If we want to make a backup of an entire sharded cluster, we need to stop the balancer before starting. The reason is that if there are chunks migrating between different shards at the time that we take our snapshot, our database will be in an inconsistent state, having either incomplete or duplicate data chunks that were in flight at the time we took our snapshot.

Backups from an entire sharded cluster will be approximate in time. If we need point-in-time precision, we need to stop all of the writes in our database, something that is generally not possible for production systems.

First, we need to disable the balancer by connecting to mongos through the mongo shell as follows:

> use config

> sh.stopBalancer()

Then, if we don’t have journaling enabled in our secondaries, or if we have journal and data files in different volumes, we need to lock our secondary mongo instances for all shards and the config server replica set.

Note

We also need to have a sufficient oplog size in these servers so that they can catch up to the primaries once we unlock them; otherwise, we will need to resync them from scratch.

Given that we don’t need to lock our secondaries, the next step is to back up the config server. In Linux (and using LVM), this would be similar to doing the following:

$ lvcreate --size 100M --snapshot --name snap-14082017 /dev/vg0/mongodb

Then, we need to repeat the same process for a single member from each replica set in each shard.

Finally, we need to restart the balancer using the same mongo shell that we used to stop it, as follows:

> sh.setBalancerState(true)

Without going into too much detail here, it’s evident that making a backup of a sharded cluster is a complicated and time-consuming procedure. It needs prior planning and extensive testing to make sure that it not only works with minimal disruption but also that our backups are usable and can be restored back to our cluster.

Note

MongoDB Atlas can back up an entire sharded cluster without any of the preceding steps. It’s all possible using the GUI or API, providing a guarantee for point-in-time restore of a snapshot. It is the recommended method by MongoDB.

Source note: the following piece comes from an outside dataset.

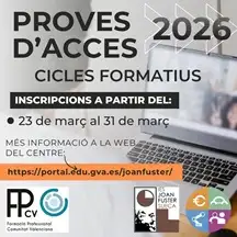 #ProvesAccés2026 #FPprimeraopció #FormacióProfessional #CiclesFormatius #IESJoanFuster #Sueca #Educació #FuturProfessional #GVA #FPCV

Making backups using mongodump

The mongodump tool is a command-line tool that can make a backup of the data in our MongoDB cluster. As such, the downside is that all of the indexes need to be recreated on restore, which may be a time-consuming operation.

The major downside that the mongodump tool has is that in order to write data to the disk, it needs to bring data from the internal MongoDB storage to the memory first. This means that in the case of production clusters running under strain, mongodump will invalidate the data residing in the memory from the working set with the data that would not be residing in the memory under regular operations. This degrades the performance of our cluster.

On the plus side, when we use mongodump, we can continue taking writes in our cluster, and if we have a replica set, we can use the --oplog option to include the entries that occur during the mongodump operation in its output oplog.

If we go with that option, we need to use --oplogReplay when we use the mongorestore tool to restore our data back to the MongoDB cluster.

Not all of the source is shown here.